Now you need to calculate the balance of this loan at 10 years. The balance, B, is given by the following eqaution:
B = L(1 + r)^t - p/r*((1 + r)^t - 1)
Where:
r = 0.007 ---> (.084/12)
L = $127,262.85 ( $149,721.00*.85 ---> Amount after 15% down)
t = 120 (10 years * 12 months/year)
p = $969.54 (as calculated previously)
After 10 years the balance of the loan is $112,539.90 and there are 240 payments left. So this person will have to make 240 payments of $969.54. This means this person will pay $232,688.72 (240 * $969.54) over the next 20 years, but only $112,539.90 is principal (the remaining amount owed). So that means that the difference of $232,688.72 and $112,539.90 is the amount of interest this person will pay over the next 20 years. The amount of interest they will pay is $120,148.81 ($232,688.72 - $112,539.90).
Now calculate the payment on a 15 year mortgage using the payment formula above and the following amounts:
L = $112,539.90 (the remaining balance on the mortgage after 10 years)
r = 0.0045 (.054/12)
t = 180 (15 years * 12 months/year)
You should get a payment of $913.58 for the 15 year loan. Again, the person will make 180 payments of $913.58 for a total of $164,445.09 (180 * $913.58).
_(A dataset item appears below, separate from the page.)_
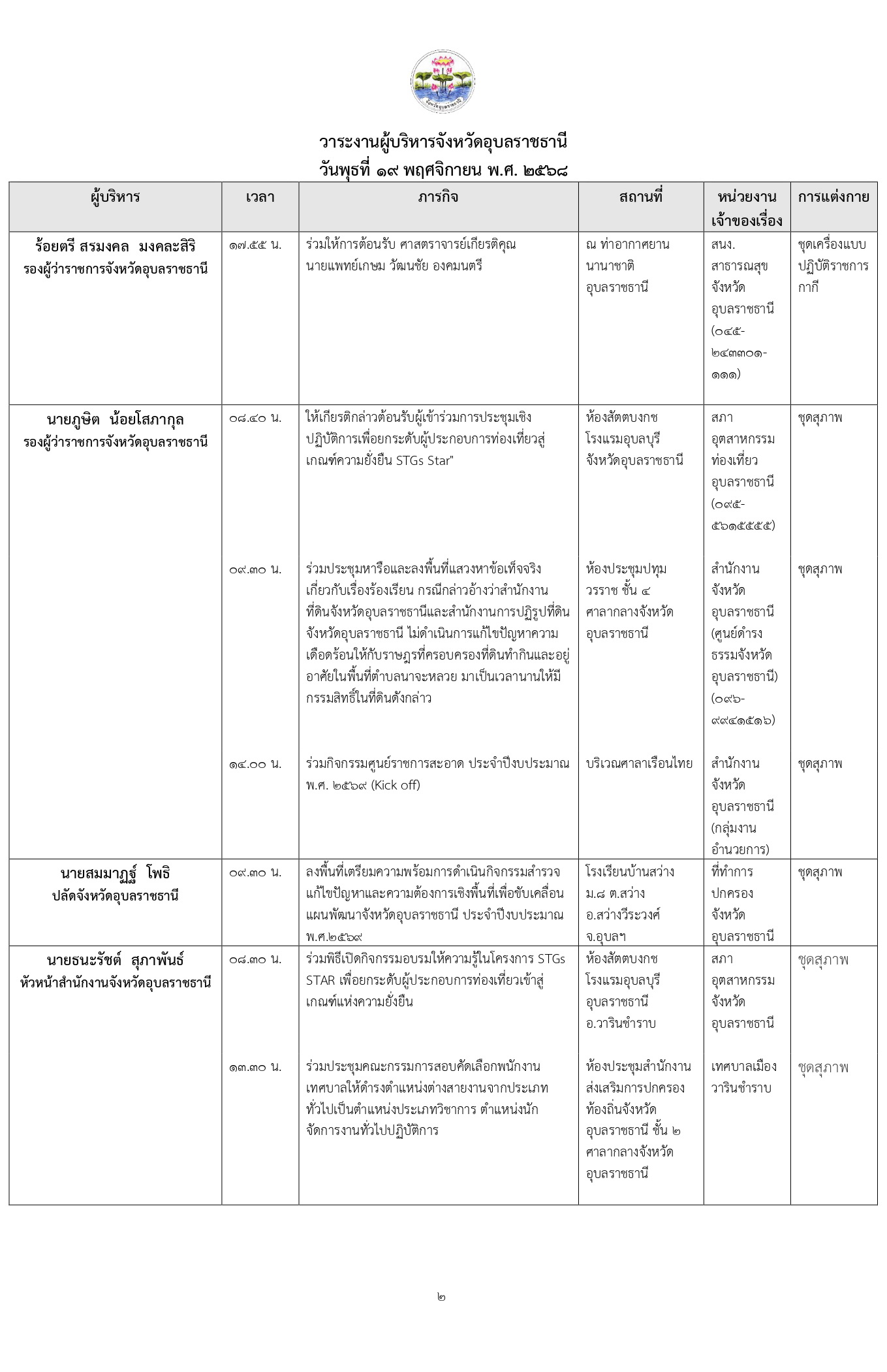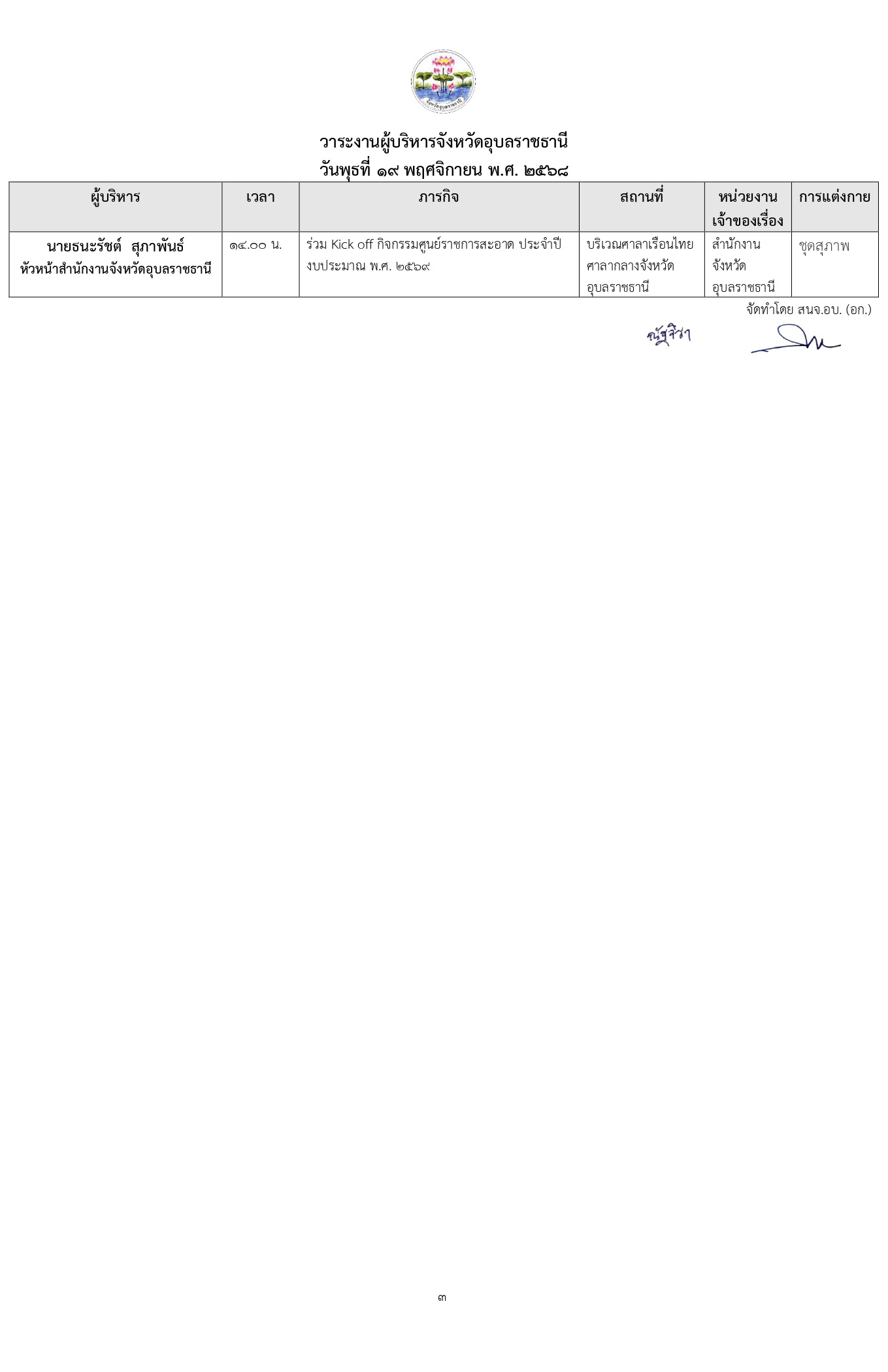 วาระงานผู้บริหารจังหวัดอุบลราชธานี วันพุธที่ 19 พฤศจิกายน 2568

But only $112,539.90 of that amount is principal, the rest is interest. The total amount of interest paid on the 15 year mortgage is $51,905.19 ($164,445.09 - $112,539.90).
Now to calculate the interest savings, subtract the 2 interest amounts.
$120,148.81 - $51,905.19 = $68,243.62
This means that the person would save $68,243.62 by switching to the 15 year mortgage.